** Opening EXCERPTED DATA block **
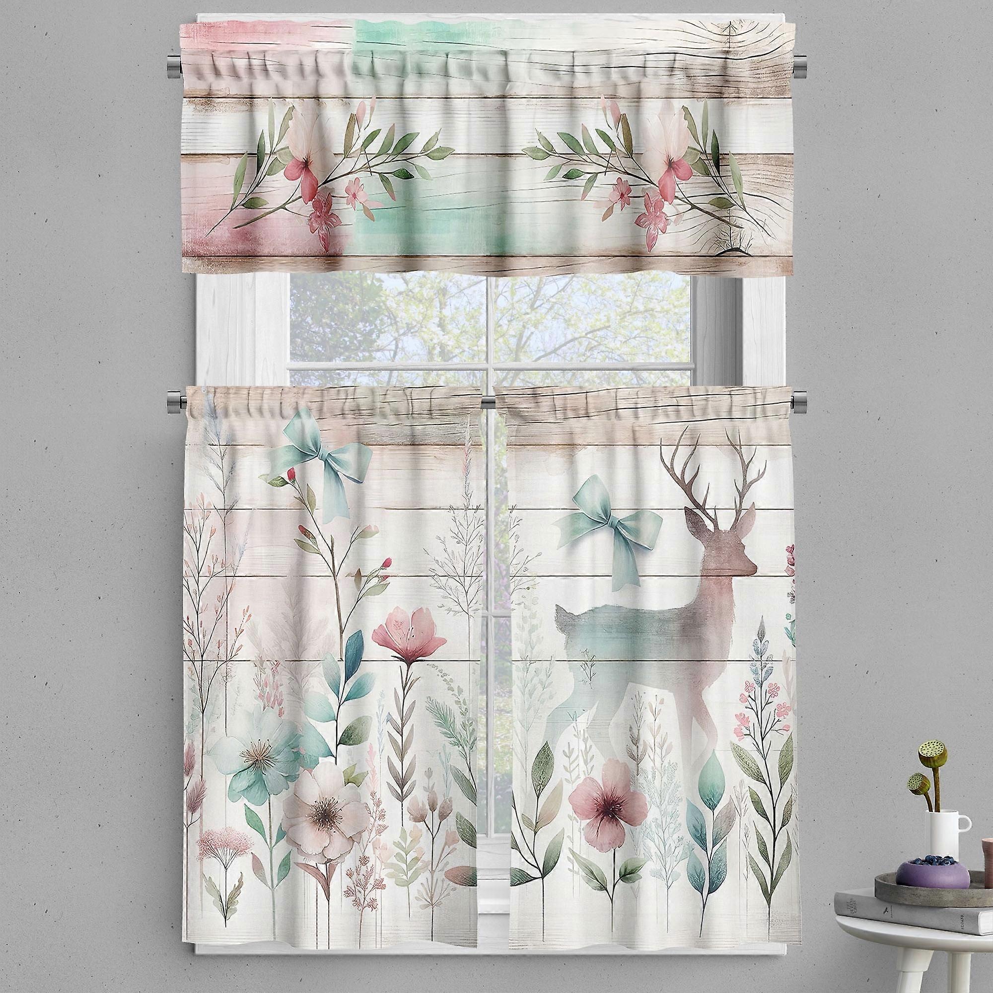 Ambesonne Nature Theme Valance & Curtain 3 Pcs Set, Modern Farmhouse Deer, 55"x24", Pale Rose Seafoam
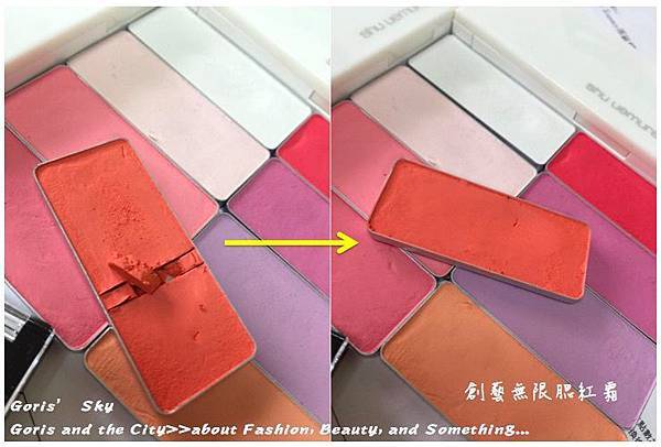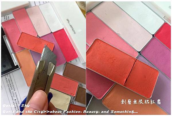 一割 ...,超療癒的!也太好割了吧,到底是我的美工刀太利,還是這植村秀這創藝無限腮紅霜超好割,那一筆真的是直接就像切果凍一樣,超好切的,我平常切紅葉蛋糕都還沒那麼好切,而且,切完、割完,真的也沒什麼濕潤的黏膩感。
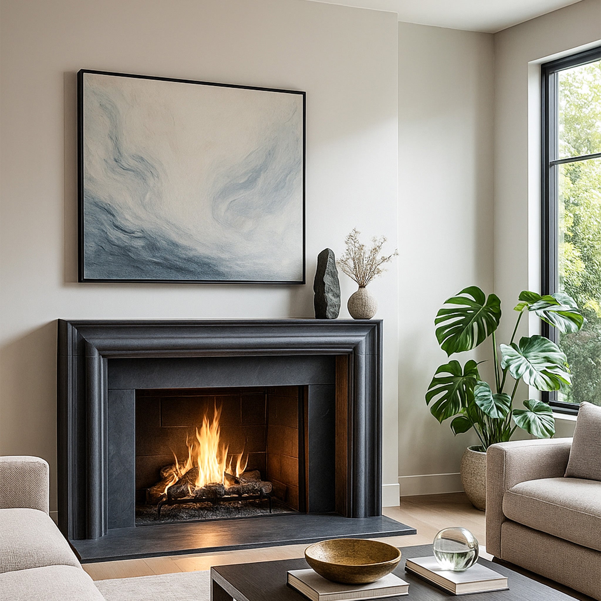 This sturdy fireplace surround, crafted from solid Black Limestone, exudes a powerful, earthy elegance. Its minimalist design features a clean, substantial frame with a slightly tapered profile that adds a touch of architectural interest. The natural, understated texture of the limestone provides a warm, rustic appeal, while the dark hue ensures it makes a bold statement. Perfect for modern industrial, farmhouse, or traditionally styled interiors seeking a robust and enduring focal point.
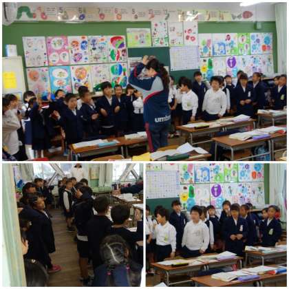 学習発表会の練習でしょうか。みんな後ろに下がって、並んでいました。
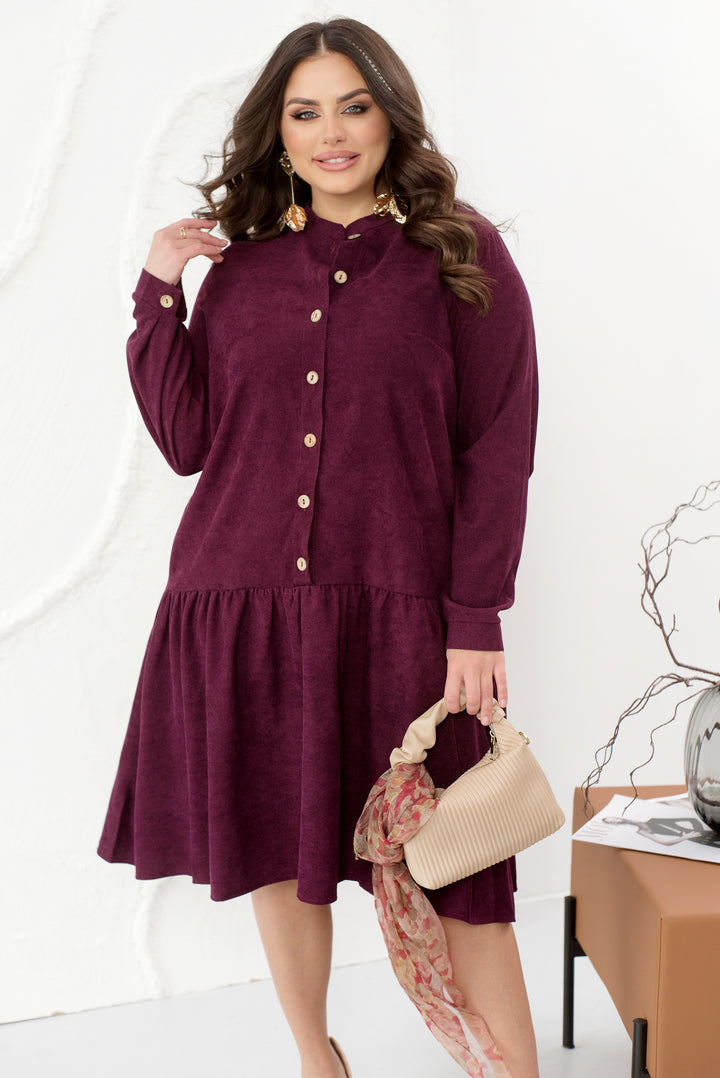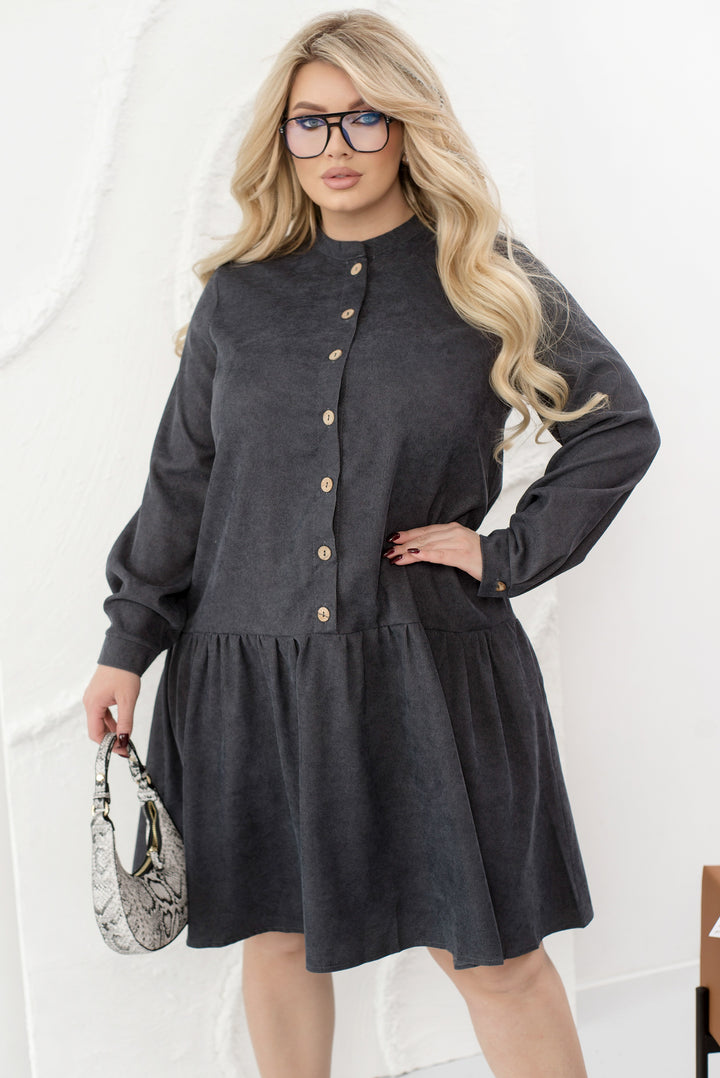Wykonana z miękkiego aksamitu, ta kobieca sukienka doda Ci szyku, nowoczesności i elegancji. Posiada stójkę, długie rękawy z mankietami i zwiewną, wesołą falbankę. Sukienka zapinana jest na rząd guzików z przodu.
** Closing EXCERPTED DATA block **
■ EXERCISE DETAILS
Give the lines above again exactly, from the one containing "This sturdy fireplace" to the one containing "学習発表会の練習でしょうか。みんな後ろに下がって、並んでいました。", both included, but leave out the pictures.

■ SOLUTION TO THE EXERCISE
 This sturdy fireplace surround, crafted from solid Black Limestone, exudes a powerful, earthy elegance. Its minimalist design features a clean, substantial frame with a slightly tapered profile that adds a touch of architectural interest. The natural, understated texture of the limestone provides a warm, rustic appeal, while the dark hue ensures it makes a bold statement. Perfect for modern industrial, farmhouse, or traditionally styled interiors seeking a robust and enduring focal point.
 学習発表会の練習でしょうか。みんな後ろに下がって、並んでいました。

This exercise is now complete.